Necrolytic migratory erythema (NME) is a red, blistering rash that spreads across the skin. It particularly affects the skin around the mouth and distal extremities; but may also be found on the lower abdomen, buttocks, perineum, and groin. It is strongly associated with glucagonoma, a glucagon-producing tumor of the pancreas, but is also seen in a number of other conditions including liver disease and intestinal malabsorption.

==Signs and symptoms==
===Clinical features===
NME features a characteristic skin eruption of red patches with irregular borders, intact and ruptured vesicles, and crust formation. It commonly affects the limbs and skin surrounding the lips, although less commonly the abdomen, perineum, thighs, buttocks, and groin may be affected. Frequently these areas may be left dry or fissured as a result. All stages of lesion development may be observed synchronously. The initial eruption may be exacerbated by pressure or trauma to the affected areas.

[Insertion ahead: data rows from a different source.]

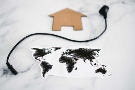 global and local connectivity and trade concept, house icon and world map with plug in between on marble background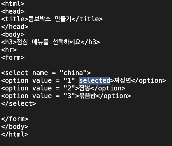 <option value = "옵션값(항목이 선택되었을 때 웹 서버에 전송되는 값)" selected(초기 선택된 상태로 보여지는값)>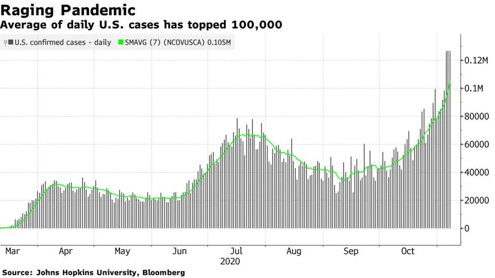 I looked up Trump's statement of rounding the curve. Supposedly he made that statement at the end of September. This is probably why: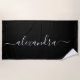 Modernes Strandhandtuch mit elegantem, weißem Schriftnamen auf schwarzem Hintergrund. Personalisieren Sie mit Ihrem Namen.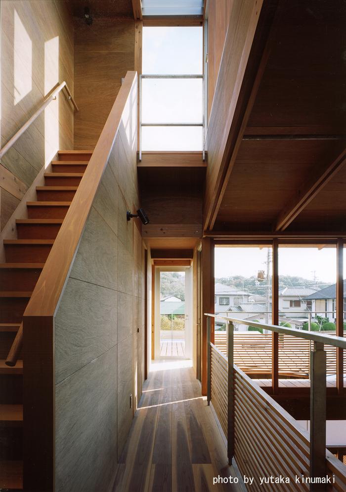 リビング吹抜け上の通路より外につづくデッキをみる。

===Associated conditions===
William Becker first described an association between NME and glucagonoma in 1942 and since then, NME has been described in as many as 70% of persons with a glucagonoma. NME is considered part of the glucagonoma syndrome, which is associated with hyperglucagonemia, diabetes mellitus, and hypoaminoacidemia.
When NME is identified in the absence of a glucagonoma, it may be considered "pseudoglucagonoma syndrome". Less common than NME with glucagonoma, pseudoglucagonoma syndrome may occur in a number of systemic disorders:
- Celiac disease
- Ulcerative colitis
- Crohn's disease
- Hepatic cirrhosis
- Hepatocellular carcinoma
- Lung cancer, including small cell lung cancer
- Tumors that secrete insulin- or insulin-like growth factor 2
- Duodenal cancer

==Cause==
The cause of NME is unknown, although various mechanisms have been suggested. These include hyperglucagonemia, zinc deficiency, fatty acid deficiency, hypoaminoacidemia, and liver disease.

==Mechanism==
The pathogenesis is also unknown.

==Diagnosis==
===Histology===
The histopathologic features of NME are nonspecific and include:
- epidermal necrosis
- subcorneal pustules
- confluent parakeratosis, epidermal hyperplasia, and marked papillary dermal hyperplasia in a psoriasiform pattern
- angioplasia of papillary dermis
- suppurative folliculitis

The vacuolated, pale, swollen epidermal cells and necrosis of the superficial epidermis are most characteristic. Immunofluorescence is usually negative.

==Management==
Managing the original condition, glucagonoma, by octreotide or surgery. After resection, the rash typically resolves within days.